Webb C M, Ghatei M A, McNeill J G, Collins P
Cardiac Medicine, National Heart & Lung Institute, Imperial College School of Medicine, and Royal Brompton Hospital, London, UK.
Circulation. 2000 Oct 3;102(14):1617-22. doi: 10.1161/01.cir.102.14.1617.
Estrogen reverses acetylcholine-induced coronary vasoconstriction via the possible facilitation of endothelium-derived NO. Estrogen also affects endothelium-derived constrictor factors. We therefore investigated the effects of 17beta-estradiol on coronary vasomotor responses to substance P (SP), and coronary sinus endothelin-1 and NO metabolite levels in postmenopausal women with coronary heart disease.
We studied 20 women; 14 received estrogen (mean age 65+/-2 years) and 6 served as ethanol control subjects (age 63+/-3 years). Intracoronary infusions of papaverine (8 mg) and SP were administered before and 20 minutes after 50 pg/min 17beta-estradiol or 0.2 microL/min control. Coronary blood flow was calculated from the diameter, as measured with quantitative coronary angiography, and flow velocity, as measured with intracoronary Doppler. Coronary sinus plasma endothelin-1 and nitrite/nitrate (NO(2)/NO(3)) were measured at baseline, at peak velocity response to each infusion, and every 5 minutes during the estradiol infusion. Endothelin-1 levels were decreased after 20 minutes of estradiol (1.12+/-0.18 versus 0.86+/-0.17 pmol/L baseline2 versus estradiol, P:=0.05). Endothelin-1 levels to SP decreased after 17beta-estradiol (1.29+/-0. 18 versus 1.04+/-0.15 and 1.3+/-0.16 versus 0.99+/-0.17 pmol/L for before versus after estradiol, 10 and 25 pmol/min SP; both P:<0.05). NO(2)/NO(3) levels did not change. There was no change in vasomotor responses to estradiol alone or to papaverine or SP before versus after estradiol.
Short-term intracoronary 17beta-estradiol administration decreases coronary endothelin-1 levels. There was no enhancement of vasomotor responses to SP after the administration of estrogen, suggesting that the effects of estrogen on coronary acetylcholine responses may be a specific and not a generalized effect on coronary vasoreactivity.
雌激素可能通过促进内皮源性一氧化氮(NO)的生成来逆转乙酰胆碱诱导的冠状动脉收缩。雌激素还会影响内皮源性收缩因子。因此,我们研究了17β-雌二醇对冠心病绝经后女性冠状动脉对P物质(SP)的血管舒缩反应以及冠状窦内皮素-1和NO代谢产物水平的影响。
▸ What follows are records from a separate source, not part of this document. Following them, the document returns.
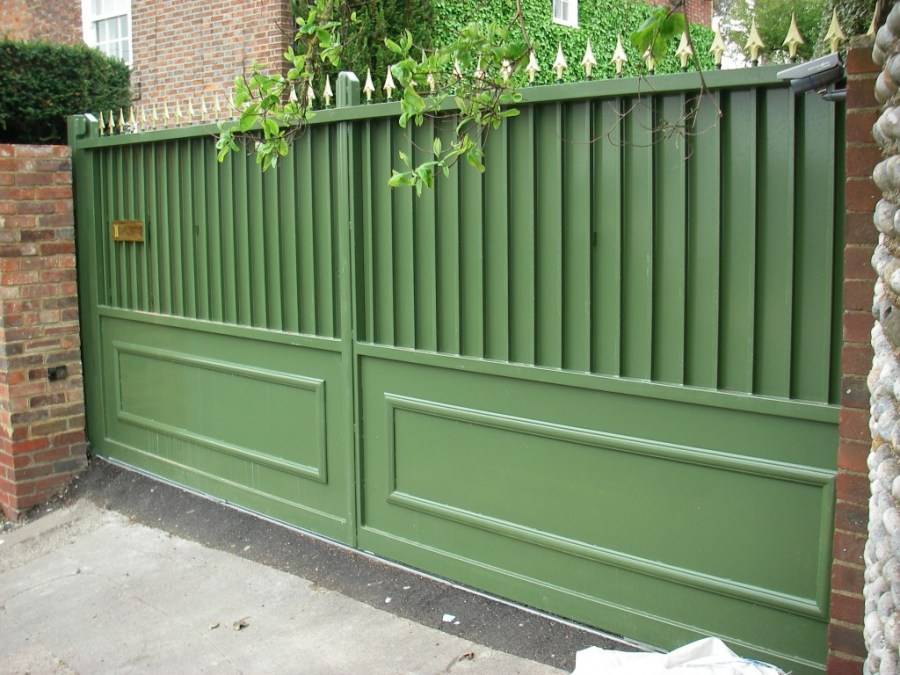 - Готовые ворота обезжиривают, наносят слой грунтовки, а затем покрывают краской.
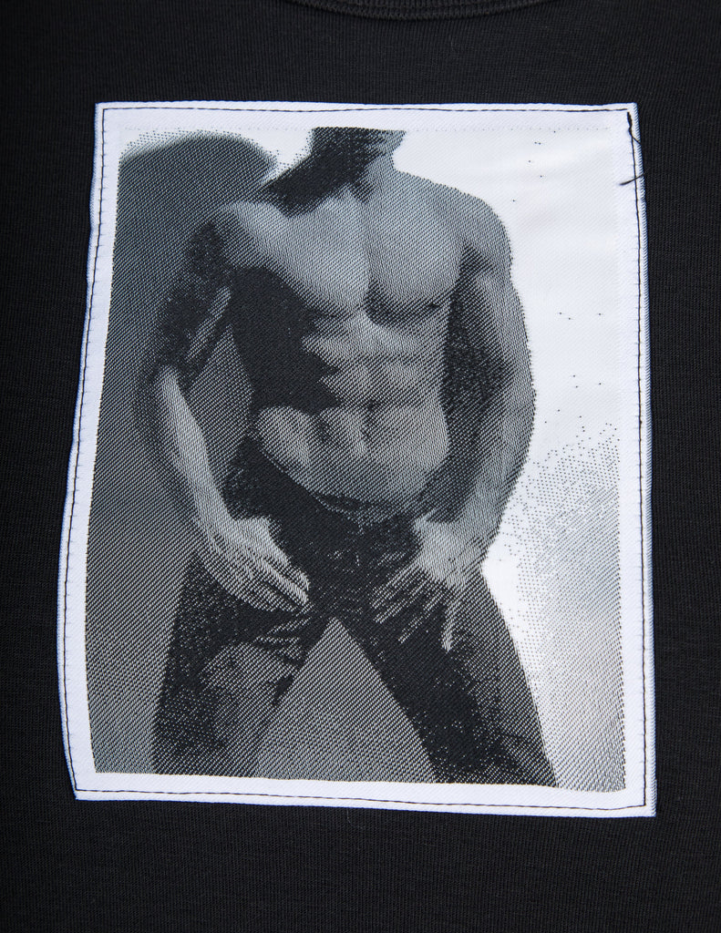 - Incredible patch featuring a men's body pixelated pictorial print in black and white, stitched at the front center.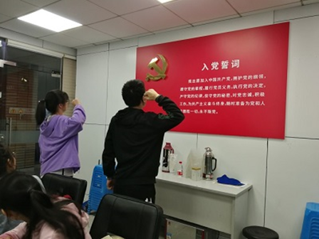会议第四项议程是接收预备党员,本次会议正式接收了苗萧梦和张心怡两位同志。表决通过后,老党员给两位新发展预备党员佩戴党徽,新发展预备党员进行了庄严的入党宣誓。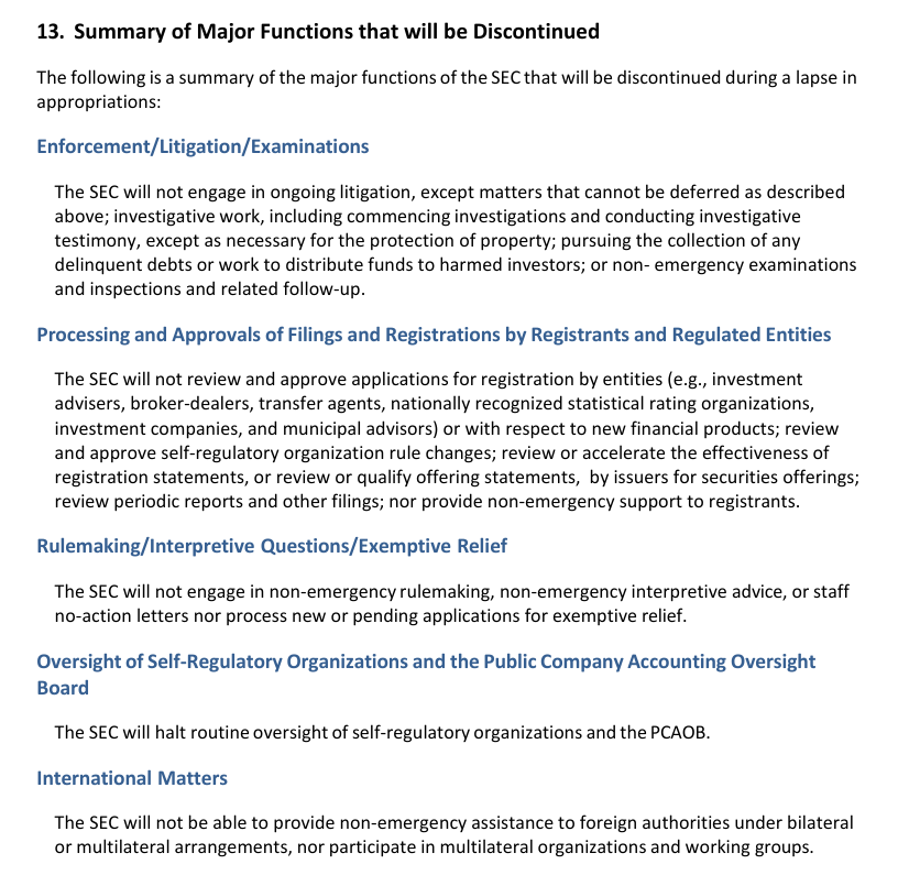 自川普政府於1月上任以來,SEC一直在權衡為新加密產品提供豁免救濟,並為提供代幣化股票的數字資產公司提供類似救濟。但現在由於政府關門,這些救濟措施以及其他與加密相關的變革都無法取得進展。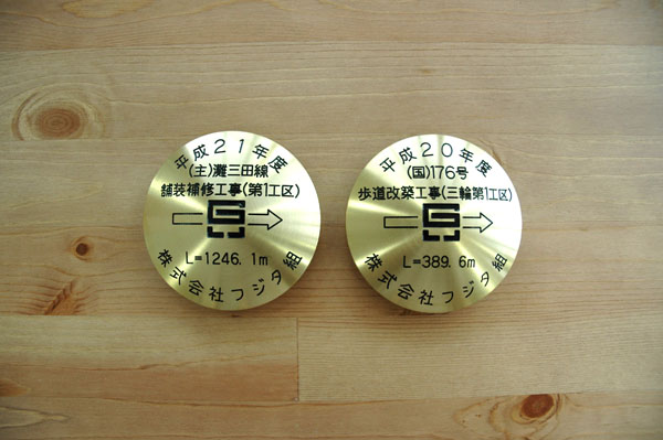 舗装工事が完成した際に道路に埋め込むしるしです。 |

我们研究了20名女性;14名接受雌激素治疗(平均年龄65±2岁),6名作为乙醇对照受试者(年龄63±3岁)。在以50 pg/min的速度输注17β-雌二醇或0.2 μL/min的对照液之前及之后20分钟,分别进行冠状动脉内注射罂粟碱(8 mg)和SP。通过定量冠状动脉造影测量的直径以及冠状动脉内多普勒测量的流速来计算冠状动脉血流量。在基线、对每次注射的峰值速度反应时以及雌二醇输注期间每5分钟测量一次冠状窦血浆内皮素-1和亚硝酸盐/硝酸盐(NO₂/NO₃)。雌二醇输注20分钟后内皮素-1水平降低(基线时为1.12±0.18 pmol/L,与雌二醇后为0.86±0.17 pmol/L相比,P = 0.05)。17β-雌二醇后对SP的内皮素-1水平降低(对于雌二醇前与雌二醇后,10和25 pmol/min的SP,分别为1.29±0.18与1.04±0.15以及1.3±0.16与0.99±0.17 pmol/L;两者P < 0.05)。NO₂/NO₃水平未改变。单独对雌二醇或对雌二醇前后的罂粟碱或SP的血管舒缩反应没有变化。
短期冠状动脉内给予17β-雌二醇可降低冠状动脉内皮素-1水平。雌激素给药后对SP的血管舒缩反应没有增强,这表明雌激素对冠状动脉乙酰胆碱反应的影响可能是对冠状动脉血管反应性的一种特异性而非普遍作用。